High Country Nocturne (David Mapstone Mystery 8) - Page 126

“It’s alright.” I moved to the door. “It’s Cartwright.”

He was somebody who could identify and bypass motion detectors.

I was at the door and turning the knob when Peralta said, “Don’t…”

But it was too late.

Ed Cartwright stood before me with a gun in my face.

Behind him it was snowing.

“Get that expression off your face, David,” he said. “You look like a six-year-old whose kitten just died.”

I hardened my eyes and made my dry mouth form words. “What are you doing, Ed? Put the gun down.”

“Step away from the door,” he said.

I didn’t move.

His sling was gone. His appearance was barely controlled fury.

I felt Peralta next to me.

Cartwright spoke through clenched teeth. “Put your gun down, Mike.”

Peralta calmly drawled, “You know that’s not going to happen, Ed. What the hell are you doing?”

Cartwright kept his weapon up, the barrel straight at my chest.

It finally fell together. Here was the “other” from Eric Pham’s white board. I said, “It was you who called Sharon to the hospital when Lindsey was shot. Did you send the woman who did it?”

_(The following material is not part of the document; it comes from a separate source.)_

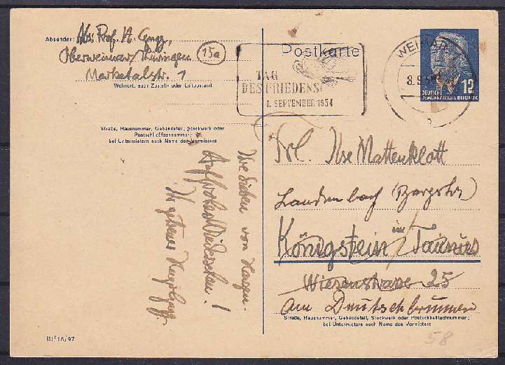 Die zweite von Kartenhai gezeigte GS ist eine normale GS (keine Ahnung welche, kenne mich da nicht aus), die links mit dem Bild und "TAG DER BRIEFMARKE 1954 ..." überdruckt wurde. Daher gibt es hier auch zwei Druckvermerke: Einmal die Druckereinummer "III/18/97" links unten von der Original GS und dann rechts unten "III/6/29 1353 1 Kv 8383-54" vom Überdruck. Wobei die III/6/29 die Druckereinummer ist und einer Druckerei (oder Verlag) gehört, die in der Stadt oder dem Landkreis Chemnitz ihren Sitz hatte (III = Sachen und 6 = Stadt bzw. Landkreis Chemnitz). Die 29 ist leider nicht bekannt. Hier ein Link zu der bisher umfangreichsten Liste der Druckereinummern aus der ehem. DDR die ich bisher gefunden habe: DDR: Druckvermerke (Moneypedia).

“Of course not, David. I was doing you a favor, sending Sharon to help you.”

I didn’t feel grateful. “Then you called me when I was in Pennington’s office. It was you, wanting to set up a meet with him. You must have thought Pennington would know how to contact Peralta. I should have realized it later, the way you changed your voice when Peralta called me back, when we were standing in the parking lot. The ‘Apache Mortgage’ shit.”

“You’re a little slow, son.”

“You were in on this with Mann.”

“No. This was my play. All I had to do was watch the Bureau get tangled up with itself. Overthink and overplan. Try to blame this poor Grayson woman who pissed off her supervisors. But from the first time he talked to me, when I was in the hospital after the shooting at the mall, I knew he was the crook.”

My hands felt heavy and useless at my side. “What does that make you? You’re a lawman, Ed. You’ve served your entire life with honor.”

“You were misinformed,” he said. “The FBI made me into a renegade. The piece-of-shit disgraced Indian. They profited from making me into that man. Now it’s my turn.”

“It’s only fifteen million, before you fence it! That makes no sense.” I was arguing personal finance with an armed man, probably not in the best mood.

“It’s enough,” he said.

Peralta spoke in a calm cadence, “Step away, Mapstone. Ed, lower your weapon or I’ll kill you where you stand. You know I’ll do it.”

He said, “And I’ll kill your boy. If that’s the way you decide to play it.”

Peralta spoke with icy calm. “We go way back, Ed. Don’t make me do this.”

“Don’t make me shoot him,” Cartwright said, indicating me. His finger was inside the trigger guard, on the trigger. My insides were turbulent with dread. I forced it down.

Cartwright kept his eyes on me “You did a good job of disappearing, Mike. Pham doesn’t have a clue where you are. But David did a better job of finding you. Now I’ll take those stones.”